Valve is telling New York to back off its lootbox lawsuit or watch free speech take a direct hit.

The company dropped a 42-page motion to dismiss this week, arguing that Steam's "mystery boxes" in Counter-Strike 2 and similar titles aren't gambling under state law because players spend virtual currency for one known skin from disclosed odds with no real stake or risk of loss. Valve's lawyers hammer the point: skins have no cash-out value on the official marketplace, trades face a seven-day hold, and any third-party resale doesn't make Valve liable. They warn that criminalizing the mechanic would chill game design across the industry, likening it to protected expression like baseball card packs and citing precedents where courts shielded monetization tactics as core video game content.
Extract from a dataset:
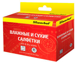 Описание товара Салфетки Silwerhof для планшетов и смартфонов коробка 10шт сухих+10шт влажных
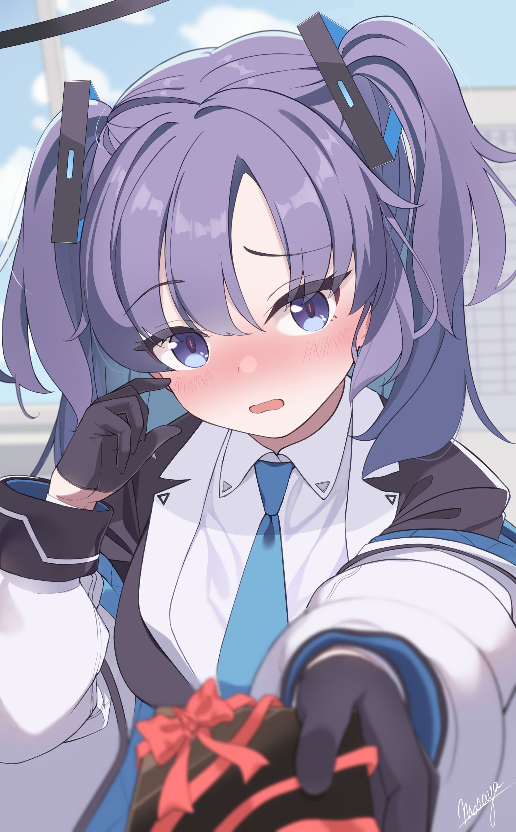 1girl absurdres black_gloves black_jacket blue_archive blush box collared_shirt commentary_request gloves highres holding holding_box jacket long_hair looking_at_viewer masaya_(masapari88) open_mouth partial_commentary purple_eyes purple_hair shirt solo two_side_up white_shirt yuuka_(blue_archive)

New York Attorney General Letitia James sued Valve in February claiming the boxes violate gambling laws by letting users chase rare items worth real money, with the complaint targeting Counter-Strike 2, Dota 2, and Team Fortress 2 specifically. Valve's filing counters that the AG oversteps by trying to enforce constitutional gambling bans without legislative backing and that the suit muddies the line between virtual cosmetics and actual wagering. A parallel class action in Washington seeks billions in refunds from the same systems, showing the legal pressure Valve faces on multiple fronts.

This isn't just about one case—it's a direct pushback against regulators redefining how games monetize player choice. If the memo lands, it keeps the status quo; if not, studios everywhere get a roadmap for tighter odds disclosure or regional carve-outs. The receipts are in the filing, and Valve isn't hedging.